Attorney general for the U.S. state of Mississippi

The attorney general of Mississippi is a statewide elected office in the U.S. state of Mississippi. The attorney general is a constitutional officer responsible for representing state agencies in legal matters, supplying other state officials and prosecutors with legal advice, and bringing lawsuits on behalf of the state. They serve a four-year term with no term limits.

The office was created by 1817 Constitution of Mississippi as a legislatively-elected position with a one-year term. In 1832 the office was made popularly-elective and the term was extended. All attorneys general from 1878 to 2020 were Democrats.
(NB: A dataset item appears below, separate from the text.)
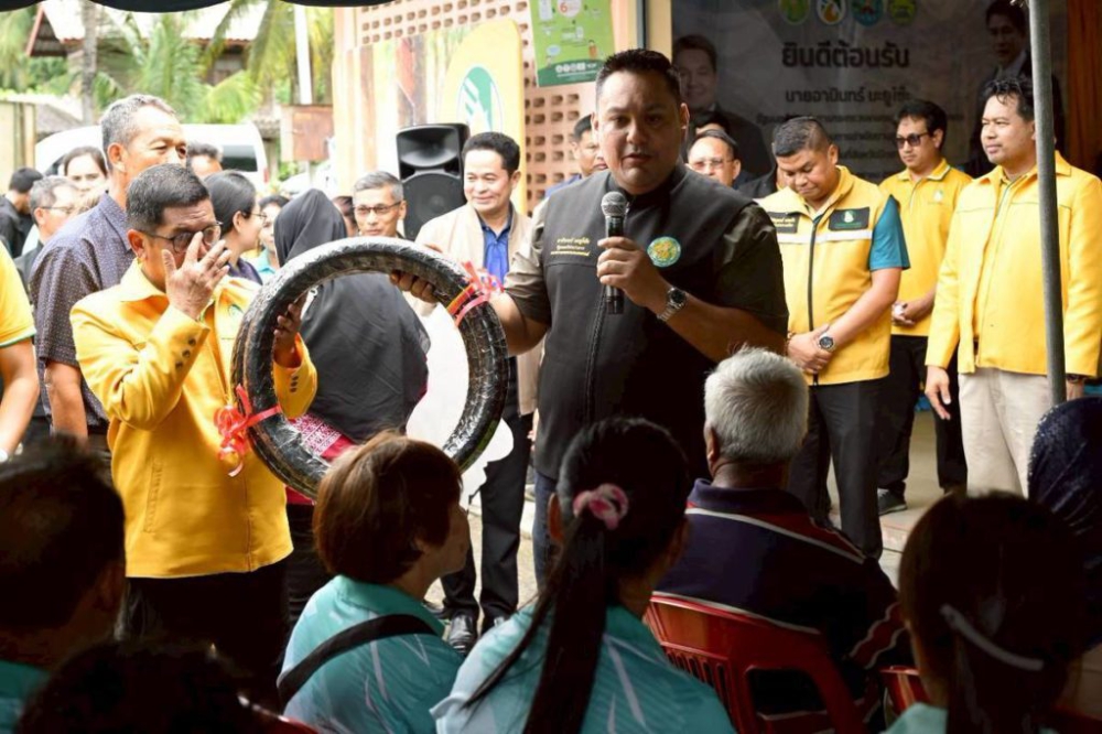 โอกาสนี้ รมช.อามินทร์ ได้มอบปัจจัยการผลิตให้แก่ผู้แทนเกษตรกร เพื่อเป็นขวัญกำลังใจและสนับสนุนการพัฒนาอาชีพของพี่น้องเกษตรกรชาวสวนยางในพื้นที่ อาทิ มอบเงินทุนจากกองทุนพัฒนาสหกรณ์ให้กับสหกรณ์ จำนวน 1.5 ล้านบาท มอบโฉนดต้นยาง จำนวน 10 ราย มอบน้ำหมักชีวภาพปลาหมอคางดำ จำนวน 10 ราย รวมทั้งมอบพันธุ์ปลาน้ำจืด ถุงยังชีพด้านปศุสัตว์ ไข่ไก่ ปุ๋ยหมัก เมล็ดพันธุ์ผักและปุ๋ย และมอบคิวอาร์โค้ดรายแปลง สำหรับเกษตรกรทุเรียนทรายขาว GI จำนวน 40 รายอีกด้วย
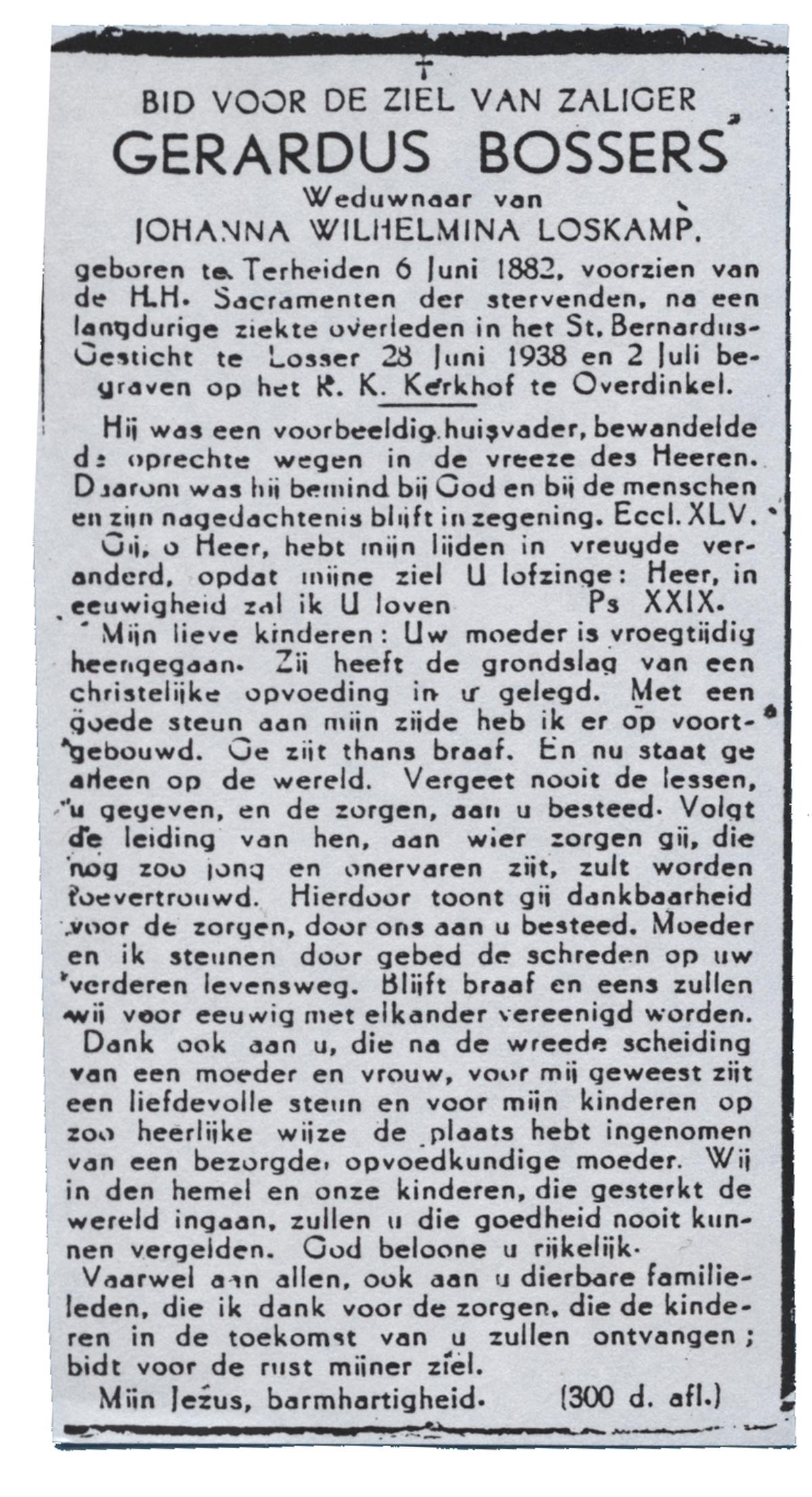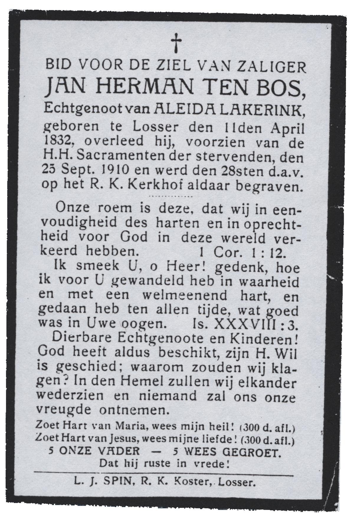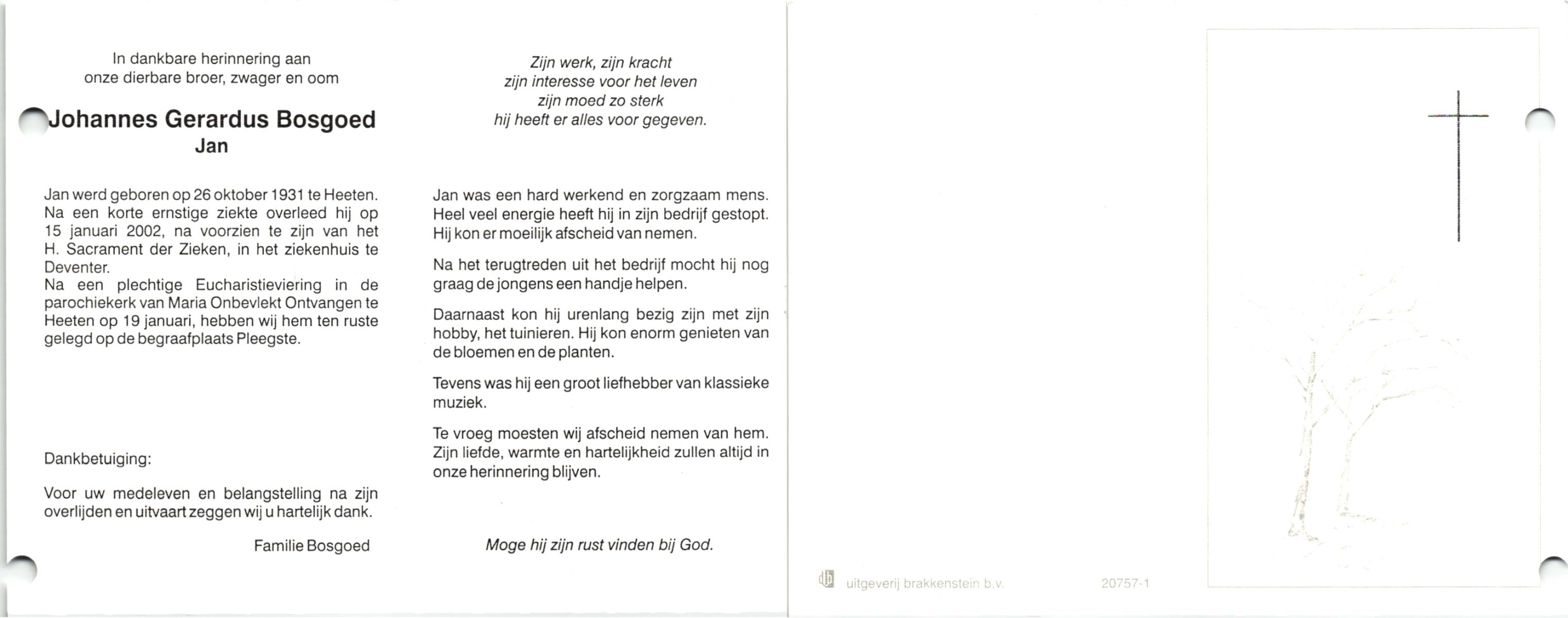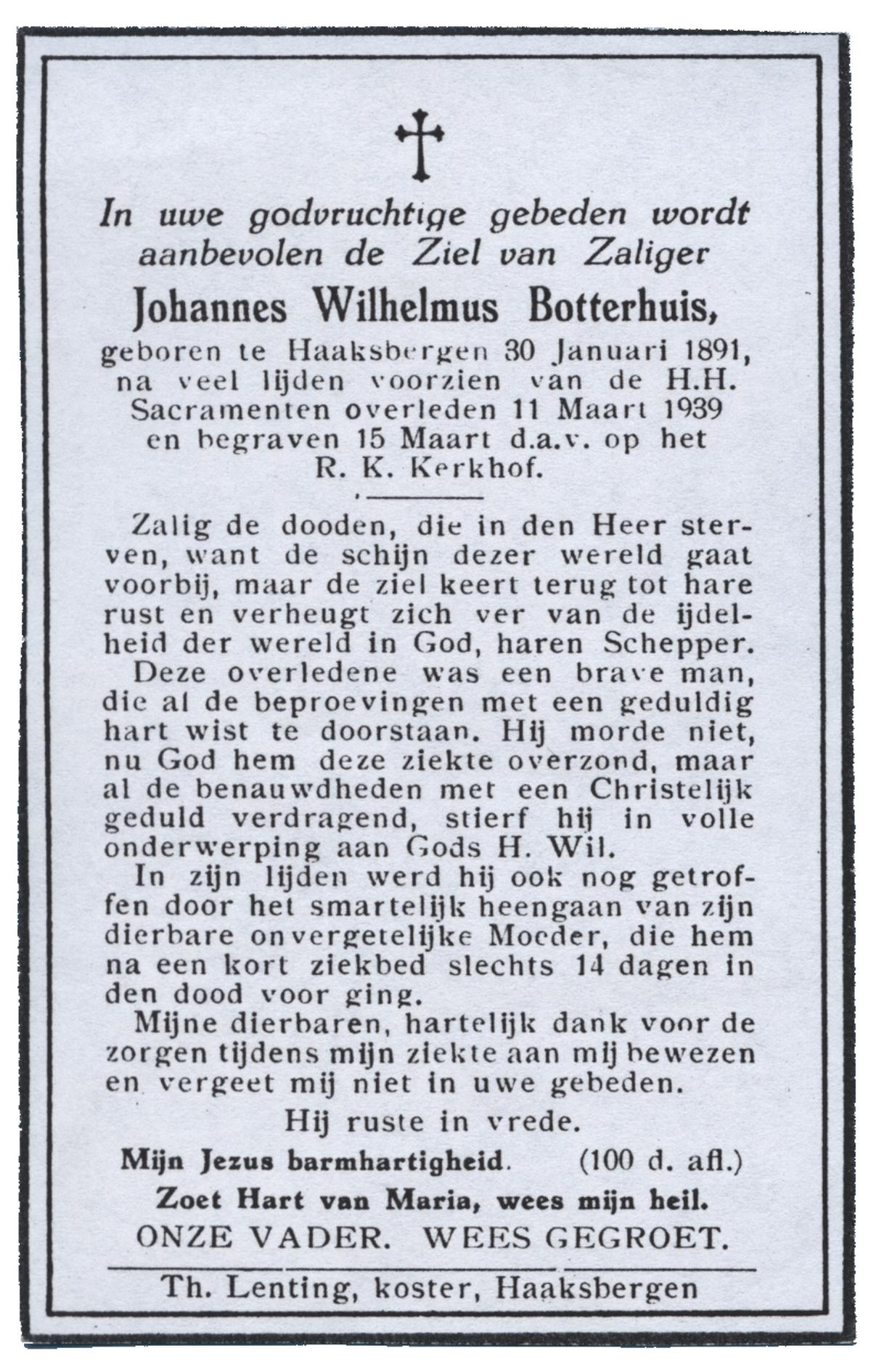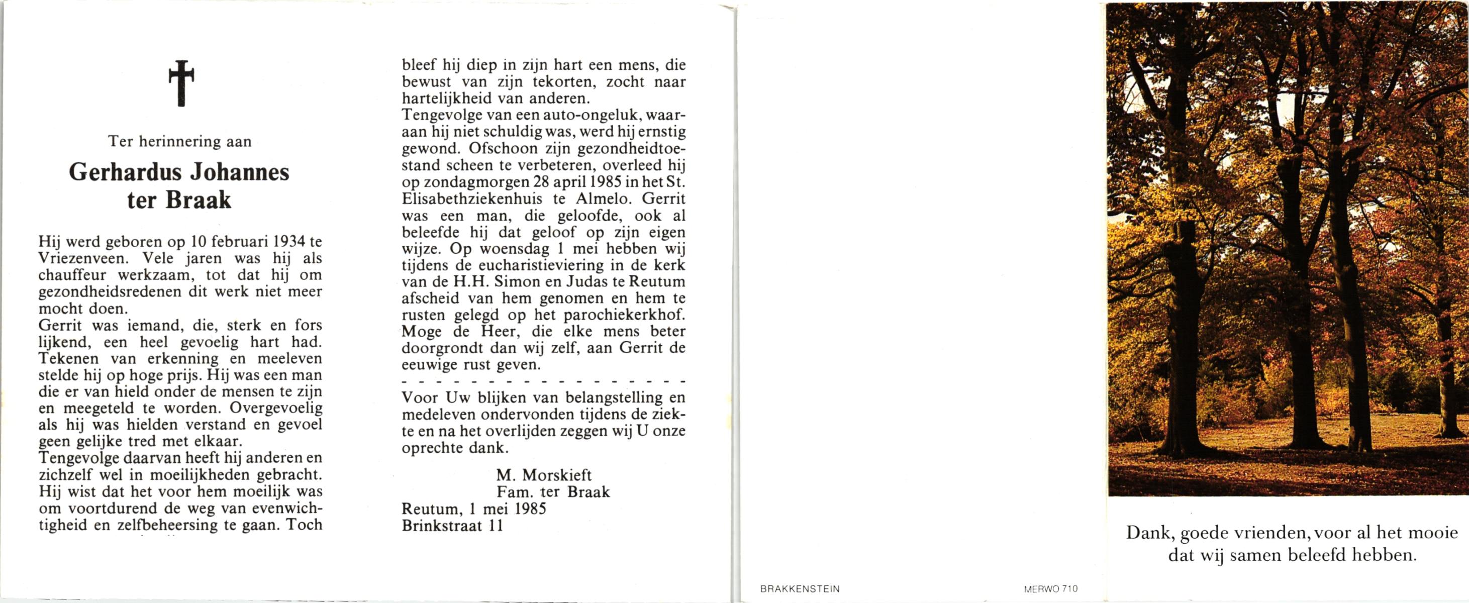 BRAAK, ter, Johannes Gerhardus Bernardus, geboren op 14-3-1910 te Lonneker, overleden op 13-3-1989 te Losser op 78-jarige leeftijd, begraven op 17-3-1989 te Losser.

The incumbent attorney general, Republican Lynn Fitch, was sworn-in to office on January 9, 2020.

== History ==
The 1817 Constitution of Mississippi provided for an attorney general to be elected by the Mississippi State Legislature for a one-year term. The legislature elected Mississippi's first attorney general, Lyman Harding, on January 21, 1818. Under the constitution of 1832, the term was extended to four years and the officer was made popularly-elective.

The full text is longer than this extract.